Quick Start: Build a star detection pipeline

This quick start guide will demonstrate how to:

  • create, configure, and interact with OpenStack cloud and Virtual Machines (VMs)
  • store files with the CANFAR VOSpace storage
  • launch batch processing jobs from the CANFAR batch host, using VMs created in the previous step

Before starting this example, you will need to register with CADC. The CADC team will take care of your registration to Compute Canada infrastructure.

Create your interactive Virtual Machine

To manage the VMs with OpenStack, we suggest using the dashboard at Compute Canada. Log into the dashboard. Provide your CADC username and your usual password. We will refer the CADC username as [username] throughout this document.

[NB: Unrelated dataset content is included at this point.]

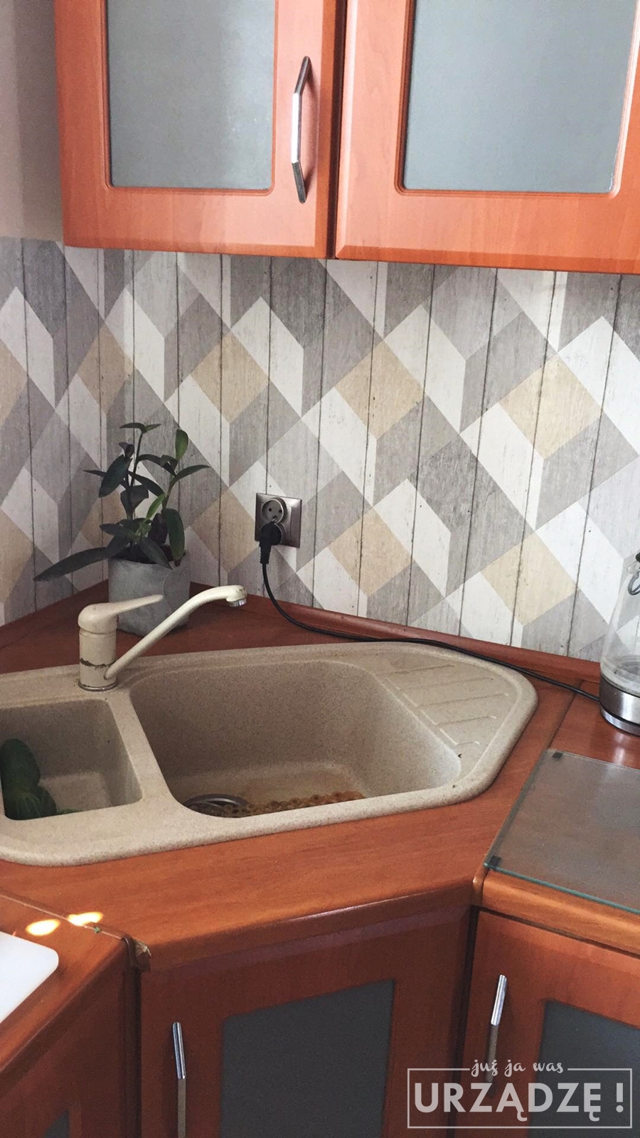 Ten trick wykorzystałyśmy w kuchni mojej mamy, która też ma meble w tym kolorze. Wnętrza frontów ramowych (które wcześniej były bladożółte) pomalowałyśmy na chłodny odcień szarości, a ścianę między szafkami wykleiłyśmy tapetą. Jedno popołudnie, a kuchnia nabrała zupełnie innego klimatu!

Each resource allocation corresponds to an OpenStack project. A user may be a member of multiple projects, and a project usually has multiple users. A pull-down menu near the top-left allows you to select between the different projects that you are a member of.

Allow ssh access to your VM

  • Click on Access & Security (left column of page), and then the Security Groups tab.
  • Click on the Manage Rules button next to the default group. If you see a rule with Ingress direction, 22(SSH) Port Range and (CIDR) , then that means someone in your project already opened the ssh port for you. If you don’t see it, add a new rule following step.
  • Click on the + Add Rule button near the top-right. Select SSH at the bottom of the Rule pull-down menu, and then click on Add at the bottom-right. This operation is only required once for the initial setup of the project.

Import an ssh public key

Access to VMs is facilitated by SSH key pairs rather than less secure user name / password. A private key resides on your own computer, and the public key is copied to all machines that you wish to connect to.

  • If you have not yet created a key pair on your system, run ssh-keygen on this local machine to generate one or follow this documentation for example.
  • Click on Access & Security, switch to the Key Pairs tab and click on the Import Key Pair button at the top-right.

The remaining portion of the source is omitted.